God I feel so horrible about this. Please don't think I'm a bad person. Please
So I have a Tumblr that I use to express myself (a lot of sad things, but also a lot of funny things as well, because I try not to completely surround myself with negative thoughts) and I meet a lot of friends there.
It's normal to get messages from people saying they are always available to talk, and I appreciate it but it usually doesn't go far. But with this one guy I was like "something's different with him." We started talking, and now we video chat every day for at least an hour.
He has a girlfriend. And I have *never* been a boyfriend stealer. In fact, the second I learn someone has a girlfriend, I will no longer think of them at all romantically.

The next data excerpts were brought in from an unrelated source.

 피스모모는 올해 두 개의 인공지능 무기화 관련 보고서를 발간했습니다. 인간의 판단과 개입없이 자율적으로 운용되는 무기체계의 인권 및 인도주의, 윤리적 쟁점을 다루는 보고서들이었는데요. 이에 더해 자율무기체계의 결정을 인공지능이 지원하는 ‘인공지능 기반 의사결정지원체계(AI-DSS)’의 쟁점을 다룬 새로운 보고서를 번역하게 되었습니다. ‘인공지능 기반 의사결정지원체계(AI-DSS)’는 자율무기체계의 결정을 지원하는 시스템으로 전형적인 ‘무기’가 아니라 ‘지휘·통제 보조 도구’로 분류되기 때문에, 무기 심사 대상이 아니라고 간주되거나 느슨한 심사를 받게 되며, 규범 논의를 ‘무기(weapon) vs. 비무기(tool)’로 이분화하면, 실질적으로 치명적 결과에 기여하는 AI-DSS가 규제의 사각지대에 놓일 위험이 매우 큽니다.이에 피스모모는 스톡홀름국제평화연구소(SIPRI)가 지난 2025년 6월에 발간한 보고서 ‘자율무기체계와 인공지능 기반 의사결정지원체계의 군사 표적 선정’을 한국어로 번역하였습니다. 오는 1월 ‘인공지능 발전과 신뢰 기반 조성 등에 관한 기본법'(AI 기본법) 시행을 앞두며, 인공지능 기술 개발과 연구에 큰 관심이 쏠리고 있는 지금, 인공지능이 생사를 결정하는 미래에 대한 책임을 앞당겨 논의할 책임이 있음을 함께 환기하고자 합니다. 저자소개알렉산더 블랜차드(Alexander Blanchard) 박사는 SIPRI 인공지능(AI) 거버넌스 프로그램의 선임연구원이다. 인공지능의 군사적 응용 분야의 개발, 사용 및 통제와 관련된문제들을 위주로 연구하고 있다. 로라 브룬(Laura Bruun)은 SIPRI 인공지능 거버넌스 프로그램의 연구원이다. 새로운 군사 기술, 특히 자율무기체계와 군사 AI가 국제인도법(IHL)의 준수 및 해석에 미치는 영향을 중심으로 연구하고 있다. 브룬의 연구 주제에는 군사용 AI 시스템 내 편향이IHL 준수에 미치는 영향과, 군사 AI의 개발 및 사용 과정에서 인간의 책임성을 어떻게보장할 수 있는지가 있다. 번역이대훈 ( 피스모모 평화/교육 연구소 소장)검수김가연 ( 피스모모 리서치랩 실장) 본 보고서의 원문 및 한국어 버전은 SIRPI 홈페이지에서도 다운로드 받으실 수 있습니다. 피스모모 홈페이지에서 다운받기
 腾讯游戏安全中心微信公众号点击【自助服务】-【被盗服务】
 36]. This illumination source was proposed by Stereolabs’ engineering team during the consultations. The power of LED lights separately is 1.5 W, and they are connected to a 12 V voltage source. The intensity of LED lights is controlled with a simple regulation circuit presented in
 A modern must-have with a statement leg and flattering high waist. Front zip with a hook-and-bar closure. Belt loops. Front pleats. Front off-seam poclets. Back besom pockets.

But him and I are pretty close now. He's called me darling and we have pet names for each other, he's said he wants me to come over to where he lives (we are in different countries) and he'll make up a bed for me with pillows and tea and show me all of the "foreign" things I'm missing. He's also said that he wishes there were more people like me around him, and that he wishes he were where I am.
I'm not at ALL intending to somehow steal him from his girlfriend, so please don't say that I am. He just makes my heart feel fuzzy and warm but he's not my whole world, he's just something that makes the day brighter.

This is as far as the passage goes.